I stood upon a large, perfectly spherical rock, in an endless ocean. Murky waters thrashed against the large stone with loud crashes. I tried not to pay attention to the water, as I had previously learned that seeing my own reflection was not desirable. The sky was a pallid grey, and the clouds seemingly swayed back and forth. Everything was obscured and smeared, like fresh paint that had slithered farther down a painting than it should have.
I did not know what to think in such a situation. The scenery was not frightening, but eerily empty and unclear. It felt like my peripheral vision was blinded, and I was not seeing everything with the clarity I usually did.
Upon closer inspection, though, I realized the clouds were not clouds at all, but a reflection of the waves below. Directly above me was the stony grey sphere I stood upon, but other than that it was simply a misty mirror of the angry tides below.
At the edge of the skyline, the two sides of the world met. Slowly, the horizon became closer and closer, until I realized it hid more than met the naked eye.
The ocean above and the ocean below merged into a great calamity, leaving nothing but an endless sea of black and grey. The flood grew increasingly closer as I simply stared. My heartbeat grew no faster. My legs felt no urge to move. I felt utterly sedated to the crashing tidal wave approaching me.
Nearer and nearer the maw of clashing liquid came, and I continued to feel nothing. The wrathful tremor shook me as the noise grew near deafening. Cold water sprayed over me as the merging waves became only meters away.
With a deep breath, I waited for the impact, and in lightning speed it came.
That was when I awoke once more, to Herbert Bradley gently pouring a glass of chilled water on my head.
I immediately straightened back to an upright position and brushed the water out of my hair.
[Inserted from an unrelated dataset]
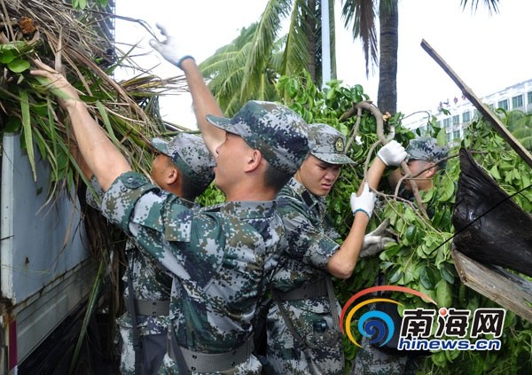 9月17日上午9时许,海南省军区某通信团100余名官兵,奔赴海口市的大街小巷,帮助驻地群众抗风救灾,清除路障,恢复交通,整治城区环境卫生。救灾现场,一群20余名的身着迷彩、未挂军衔的特殊身影引起了记者的关注,他们用肩抗、用手抬,整治倒伏树木、清理道路垃圾。原来,他们是该团前不久刚入伍的新战士,因为还未授衔所以特殊的军装格外瞩目。

Bradley sat the cup down as he looked at me, sober. “Getting nightfall, Chatwood. Don’t wanna get caught in with the evening crowd, do we?”
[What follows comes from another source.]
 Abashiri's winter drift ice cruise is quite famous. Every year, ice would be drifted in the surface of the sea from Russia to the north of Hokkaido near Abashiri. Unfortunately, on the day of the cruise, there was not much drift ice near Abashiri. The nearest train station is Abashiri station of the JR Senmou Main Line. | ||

Still reclaiming my consciousness, I nodded. ‘Nightfall?’ I thought to myself. It did not seem like I had been staring at that scene for merely a minute, yet I had somehow slept through the entire afternoon…
Getting up with Bradley, I spoke to him as we traveled to the entrance. “Thank you, Herbert.” Even though I needed all the sleep I could find, the populace of that bar during the night was not the kind I wanted to be unconscious in the presence of, and for that I was grateful.
Opening the door to the still downpouring outdoors, Bradley nodded. “No problem, Theo. Just do make sure you get some sleep in a bed next time, alright?”
“Yes… Yes… I will.” What I said was a lie, though. My dreams seemed to be tolerable, but I had enough knowledge of my body to know that trying to sleep again that night would be fruitless, which meant I had to prepare for another evening of roaming in the dark alleys of England.
With a nod, Bradley proceeded back to his home, and I was alone at the streets once more.
The blanket of night had fallen, leaving only me and the shadows to converse in whispers.